■ INFORMATION SUPPLIED:
Content starts

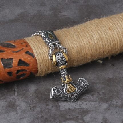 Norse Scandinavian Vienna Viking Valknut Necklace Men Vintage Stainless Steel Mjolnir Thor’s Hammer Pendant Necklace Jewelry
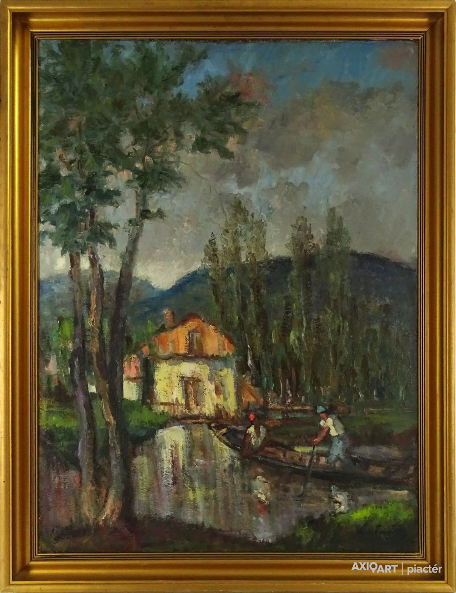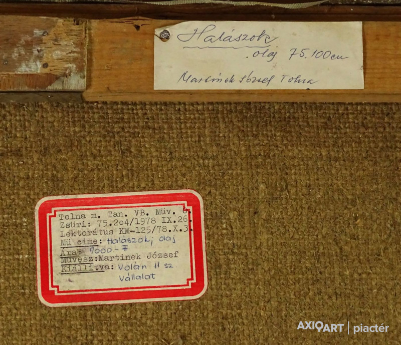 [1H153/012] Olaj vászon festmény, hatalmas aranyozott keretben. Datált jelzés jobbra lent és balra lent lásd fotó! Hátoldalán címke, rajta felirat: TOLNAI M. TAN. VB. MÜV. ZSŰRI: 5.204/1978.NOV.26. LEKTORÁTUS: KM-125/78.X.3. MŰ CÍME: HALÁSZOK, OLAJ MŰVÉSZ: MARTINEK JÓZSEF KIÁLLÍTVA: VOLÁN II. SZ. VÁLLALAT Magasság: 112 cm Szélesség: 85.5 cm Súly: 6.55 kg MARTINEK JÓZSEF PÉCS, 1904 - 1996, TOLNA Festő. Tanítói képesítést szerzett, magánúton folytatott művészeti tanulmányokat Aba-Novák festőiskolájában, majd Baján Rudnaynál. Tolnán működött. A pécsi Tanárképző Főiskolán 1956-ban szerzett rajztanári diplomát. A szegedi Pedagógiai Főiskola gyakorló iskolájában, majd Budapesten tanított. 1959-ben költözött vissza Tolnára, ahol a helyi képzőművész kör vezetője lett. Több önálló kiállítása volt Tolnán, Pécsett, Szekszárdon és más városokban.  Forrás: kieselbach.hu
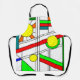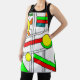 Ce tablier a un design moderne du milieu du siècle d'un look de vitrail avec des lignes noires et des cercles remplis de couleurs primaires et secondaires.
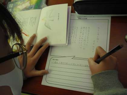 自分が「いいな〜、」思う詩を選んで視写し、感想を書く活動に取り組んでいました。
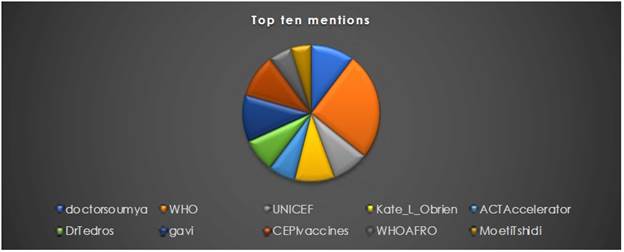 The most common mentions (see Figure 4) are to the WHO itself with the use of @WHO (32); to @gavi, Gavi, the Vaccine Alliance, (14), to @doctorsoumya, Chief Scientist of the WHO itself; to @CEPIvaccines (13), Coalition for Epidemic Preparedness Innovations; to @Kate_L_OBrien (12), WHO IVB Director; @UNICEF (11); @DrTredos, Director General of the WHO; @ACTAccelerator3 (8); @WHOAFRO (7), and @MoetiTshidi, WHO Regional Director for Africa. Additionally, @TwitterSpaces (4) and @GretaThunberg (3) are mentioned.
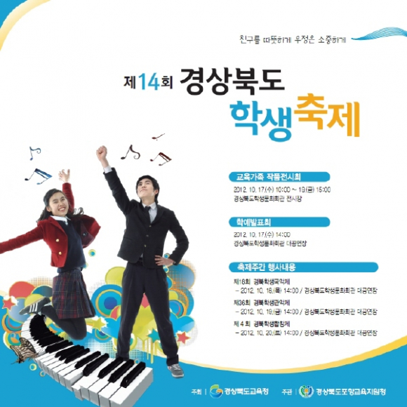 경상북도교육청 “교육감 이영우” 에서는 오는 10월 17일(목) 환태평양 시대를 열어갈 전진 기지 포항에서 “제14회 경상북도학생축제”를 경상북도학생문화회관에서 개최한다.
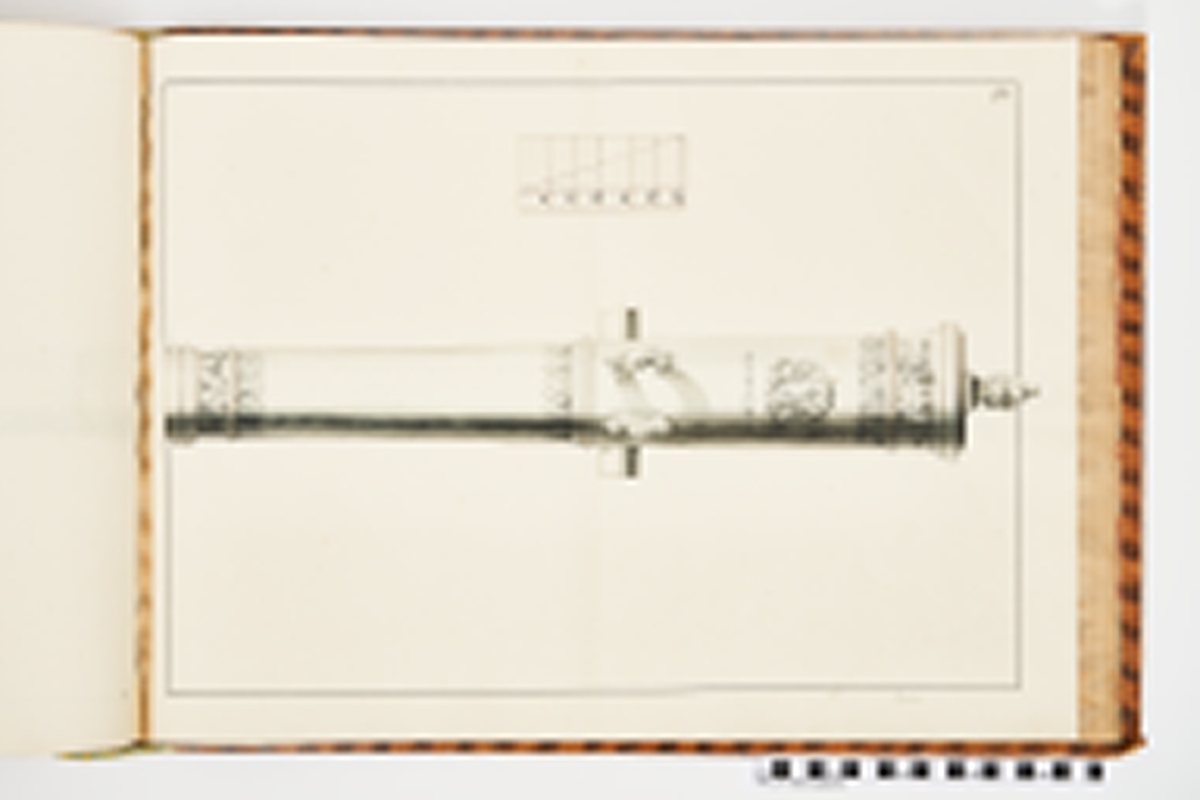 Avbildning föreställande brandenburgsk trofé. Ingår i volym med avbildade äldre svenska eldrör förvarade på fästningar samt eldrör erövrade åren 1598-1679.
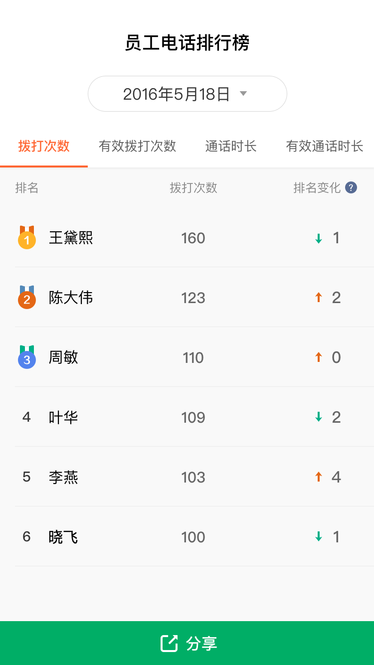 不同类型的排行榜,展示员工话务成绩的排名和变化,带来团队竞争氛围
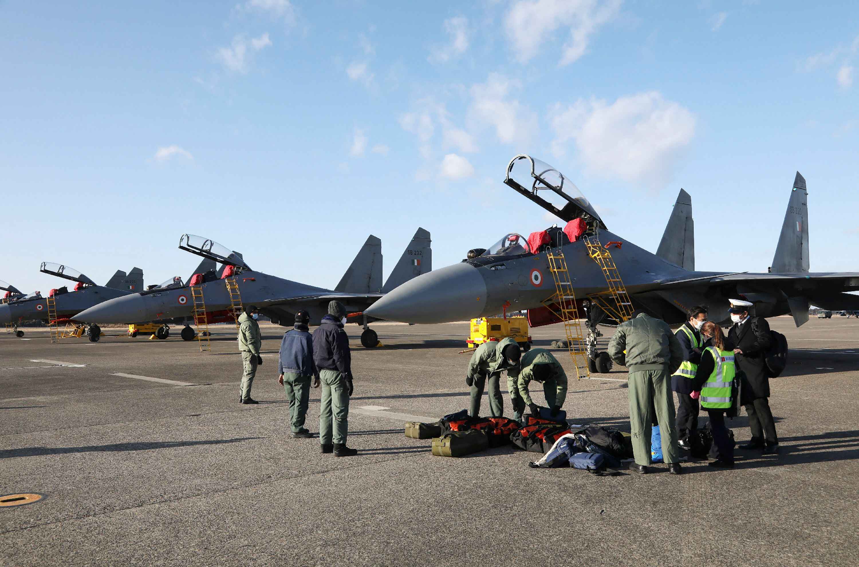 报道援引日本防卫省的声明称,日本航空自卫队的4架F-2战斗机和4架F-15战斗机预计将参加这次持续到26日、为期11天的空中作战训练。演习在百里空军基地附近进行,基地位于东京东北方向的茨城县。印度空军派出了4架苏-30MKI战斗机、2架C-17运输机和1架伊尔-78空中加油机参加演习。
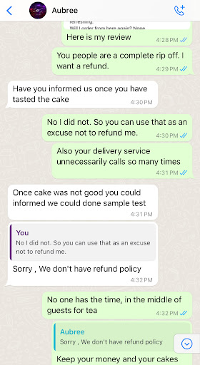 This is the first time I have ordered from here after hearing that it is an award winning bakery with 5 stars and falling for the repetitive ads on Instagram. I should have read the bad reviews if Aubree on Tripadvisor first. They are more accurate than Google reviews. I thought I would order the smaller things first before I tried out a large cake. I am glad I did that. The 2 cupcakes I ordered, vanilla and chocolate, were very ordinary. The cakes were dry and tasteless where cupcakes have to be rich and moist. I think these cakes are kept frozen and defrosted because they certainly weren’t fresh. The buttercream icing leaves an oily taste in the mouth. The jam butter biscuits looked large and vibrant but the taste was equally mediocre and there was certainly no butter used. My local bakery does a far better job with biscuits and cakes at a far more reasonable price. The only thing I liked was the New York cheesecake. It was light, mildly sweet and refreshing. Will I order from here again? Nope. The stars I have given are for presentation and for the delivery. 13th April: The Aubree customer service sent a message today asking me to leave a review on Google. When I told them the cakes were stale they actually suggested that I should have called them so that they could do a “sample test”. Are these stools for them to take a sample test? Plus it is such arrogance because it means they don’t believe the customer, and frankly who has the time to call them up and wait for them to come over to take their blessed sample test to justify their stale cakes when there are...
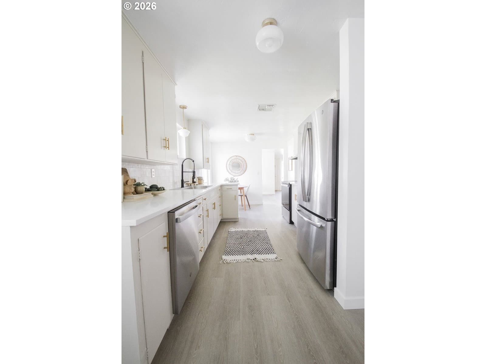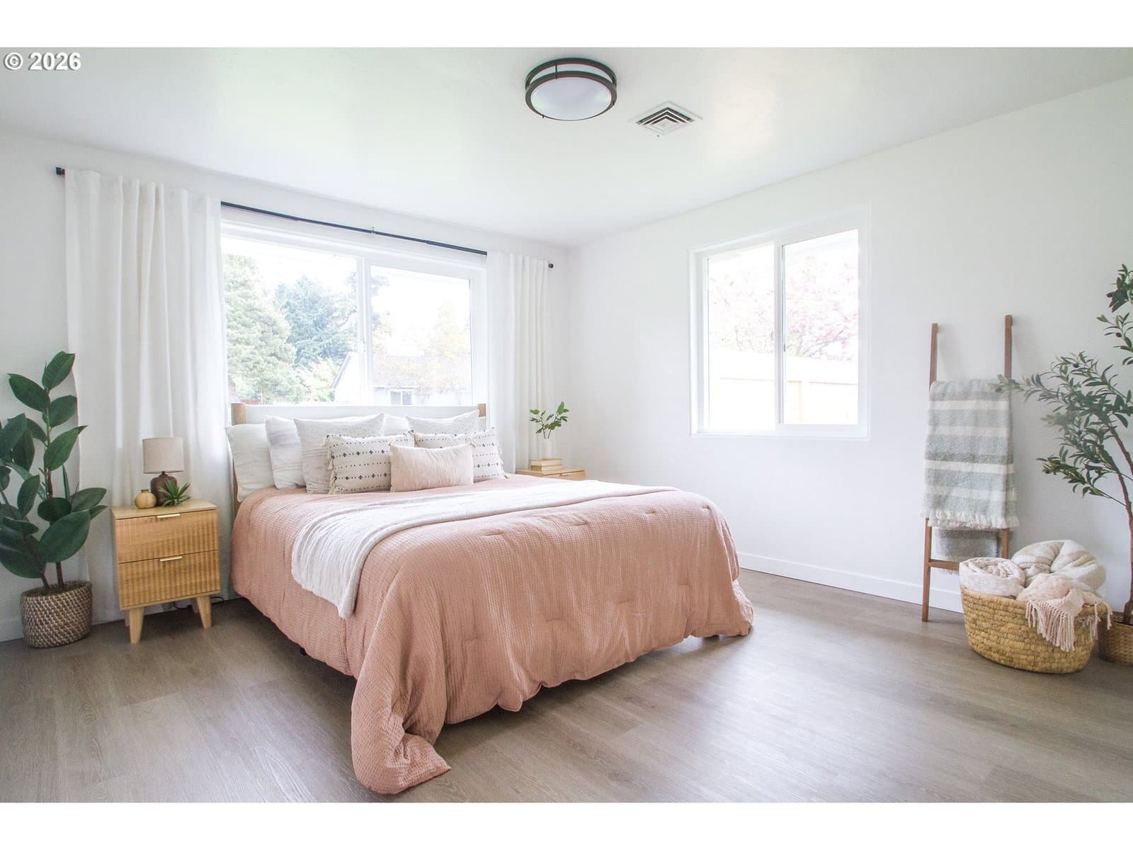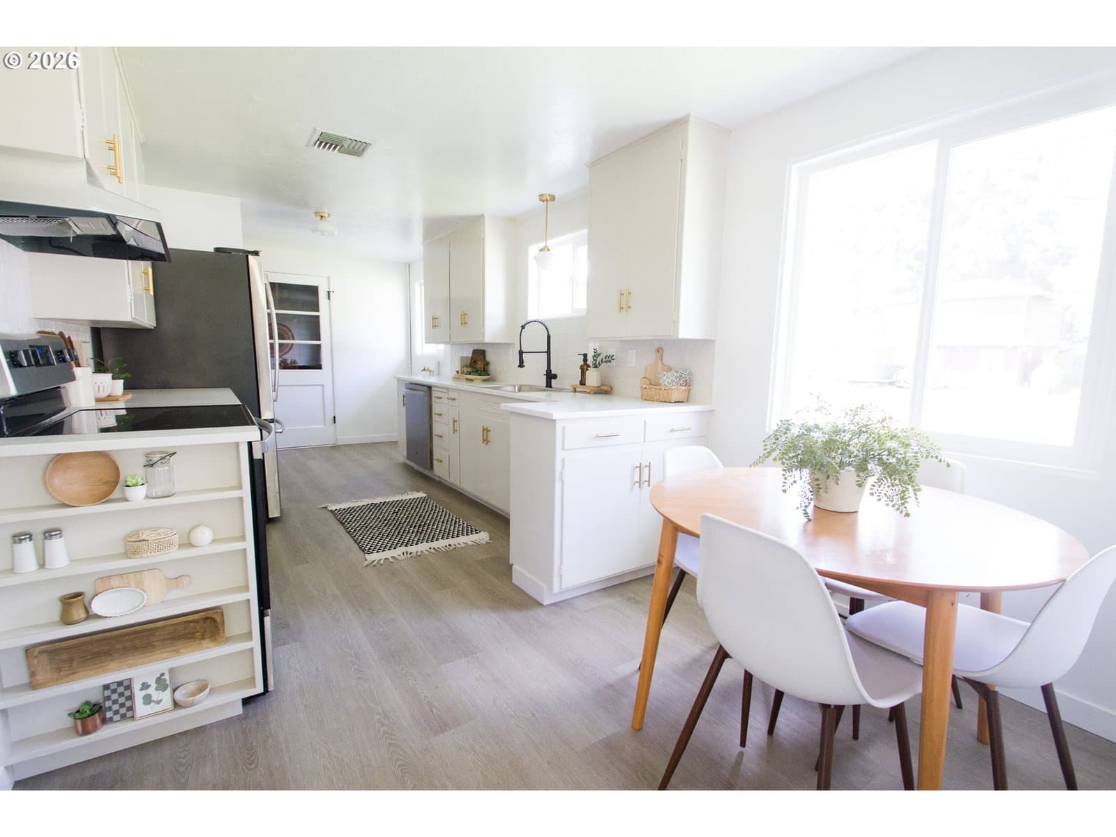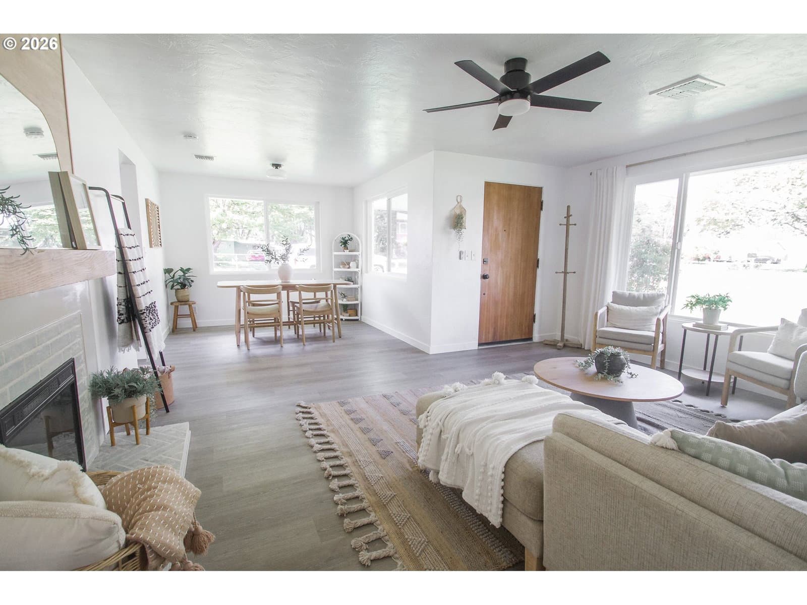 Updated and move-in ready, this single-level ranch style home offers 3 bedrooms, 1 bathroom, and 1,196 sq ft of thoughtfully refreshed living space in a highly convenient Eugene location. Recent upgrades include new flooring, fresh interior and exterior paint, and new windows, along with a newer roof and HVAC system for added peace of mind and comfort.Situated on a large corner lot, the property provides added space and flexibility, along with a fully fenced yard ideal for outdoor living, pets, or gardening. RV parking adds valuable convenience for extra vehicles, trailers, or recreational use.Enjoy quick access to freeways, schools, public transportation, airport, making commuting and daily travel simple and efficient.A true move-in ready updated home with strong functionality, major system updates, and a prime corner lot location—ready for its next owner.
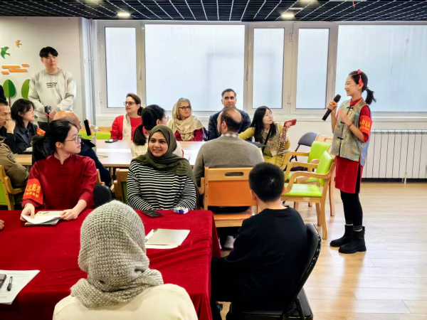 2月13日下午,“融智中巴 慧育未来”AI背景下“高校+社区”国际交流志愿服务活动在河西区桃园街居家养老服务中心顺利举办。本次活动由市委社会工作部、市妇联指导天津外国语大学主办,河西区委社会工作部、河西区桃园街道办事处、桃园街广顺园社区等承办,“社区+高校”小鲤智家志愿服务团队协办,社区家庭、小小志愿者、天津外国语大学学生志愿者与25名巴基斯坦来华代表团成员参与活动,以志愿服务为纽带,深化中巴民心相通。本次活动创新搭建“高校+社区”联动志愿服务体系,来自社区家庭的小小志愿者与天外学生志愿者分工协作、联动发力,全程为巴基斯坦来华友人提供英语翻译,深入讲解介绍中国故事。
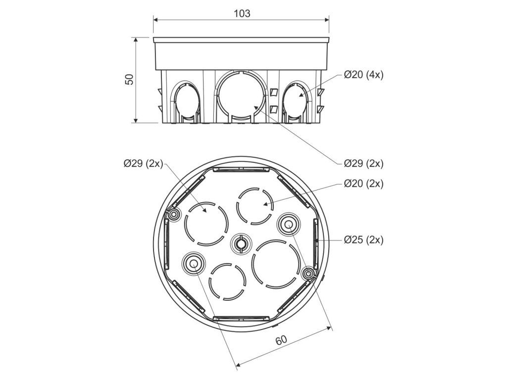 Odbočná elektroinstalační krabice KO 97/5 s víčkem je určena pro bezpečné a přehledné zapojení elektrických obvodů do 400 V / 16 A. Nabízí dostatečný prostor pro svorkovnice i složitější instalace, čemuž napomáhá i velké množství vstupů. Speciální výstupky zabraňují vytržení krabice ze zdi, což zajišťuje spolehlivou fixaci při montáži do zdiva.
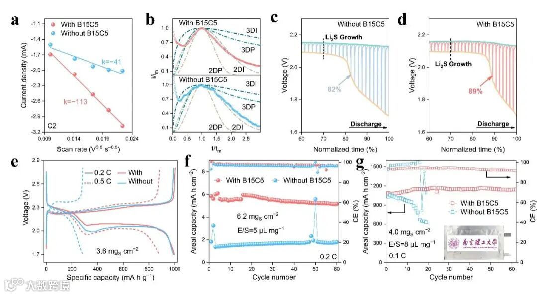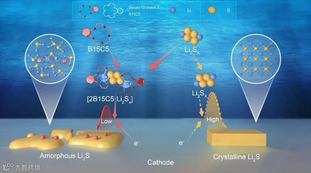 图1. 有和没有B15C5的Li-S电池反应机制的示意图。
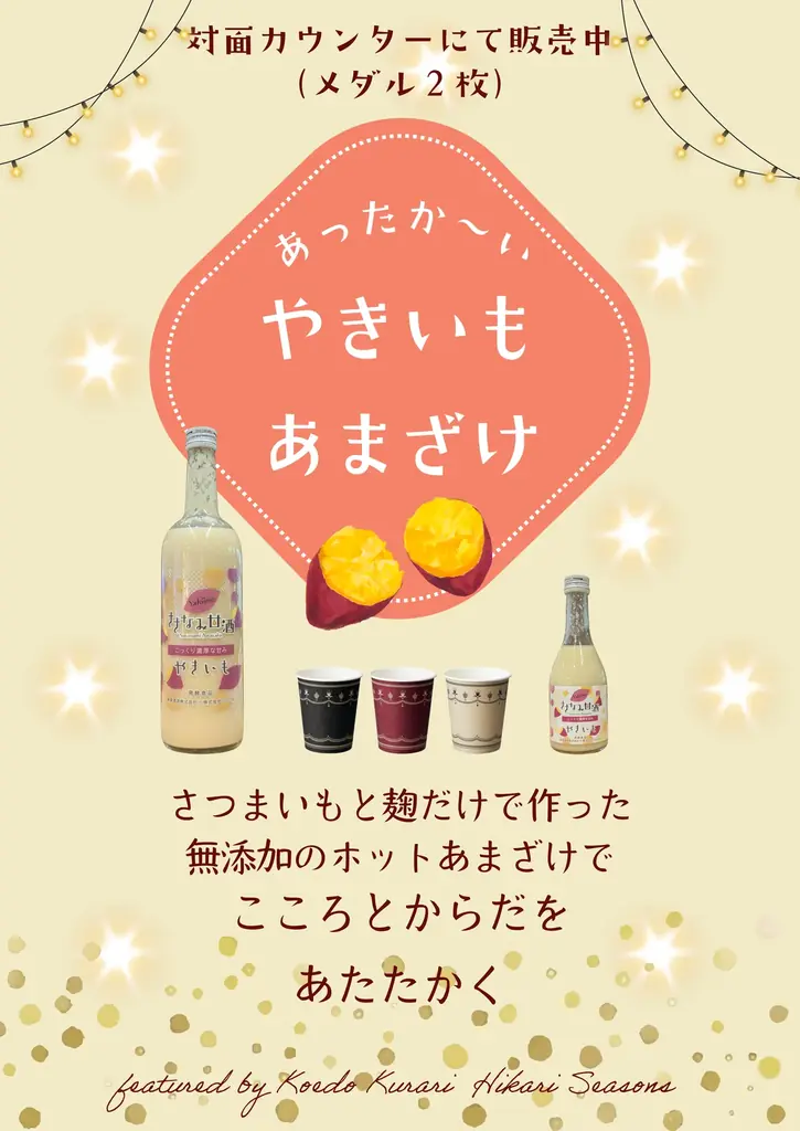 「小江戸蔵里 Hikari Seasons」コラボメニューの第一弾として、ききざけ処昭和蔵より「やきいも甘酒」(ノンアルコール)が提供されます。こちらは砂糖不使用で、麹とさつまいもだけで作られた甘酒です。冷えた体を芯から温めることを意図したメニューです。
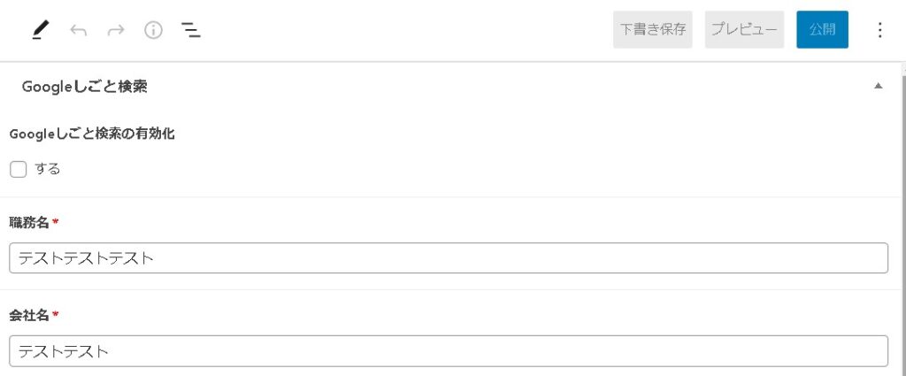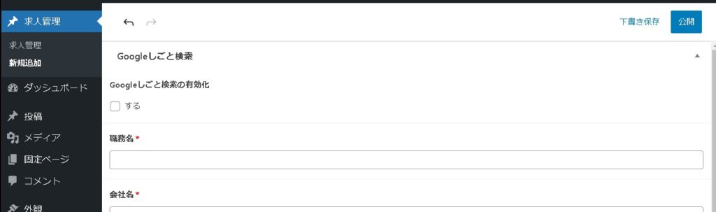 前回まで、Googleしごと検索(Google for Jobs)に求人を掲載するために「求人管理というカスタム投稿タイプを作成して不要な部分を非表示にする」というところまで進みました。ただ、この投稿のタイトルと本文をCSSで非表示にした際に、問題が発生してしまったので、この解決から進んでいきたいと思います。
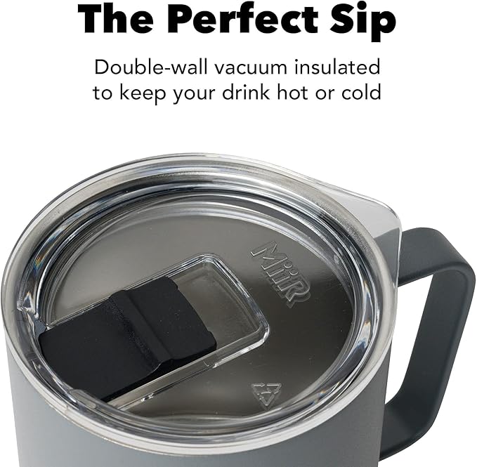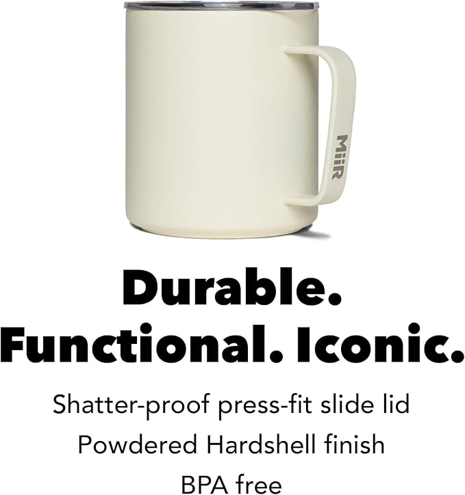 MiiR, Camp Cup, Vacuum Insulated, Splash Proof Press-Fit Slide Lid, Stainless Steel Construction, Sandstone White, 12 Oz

Content ends

■ EXERCISE DESCRIPTION: Keep to the lines above from the line with "오는 10월 17일(목)" to the line with "报道援引日本防卫省的声明称,日本航空自卫", and set down exactly those, inclusive, with nothing else and every picture left out.

■ COMPLETED TASK:
 경상북도교육청 “교육감 이영우” 에서는 오는 10월 17일(목) 환태평양 시대를 열어갈 전진 기지 포항에서 “제14회 경상북도학생축제”를 경상북도학생문화회관에서 개최한다.
 Avbildning föreställande brandenburgsk trofé. Ingår i volym med avbildade äldre svenska eldrör förvarade på fästningar samt eldrör erövrade åren 1598-1679.
 不同类型的排行榜,展示员工话务成绩的排名和变化,带来团队竞争氛围
 报道援引日本防卫省的声明称,日本航空自卫队的4架F-2战斗机和4架F-15战斗机预计将参加这次持续到26日、为期11天的空中作战训练。演习在百里空军基地附近进行,基地位于东京东北方向的茨城县。印度空军派出了4架苏-30MKI战斗机、2架C-17运输机和1架伊尔-78空中加油机参加演习。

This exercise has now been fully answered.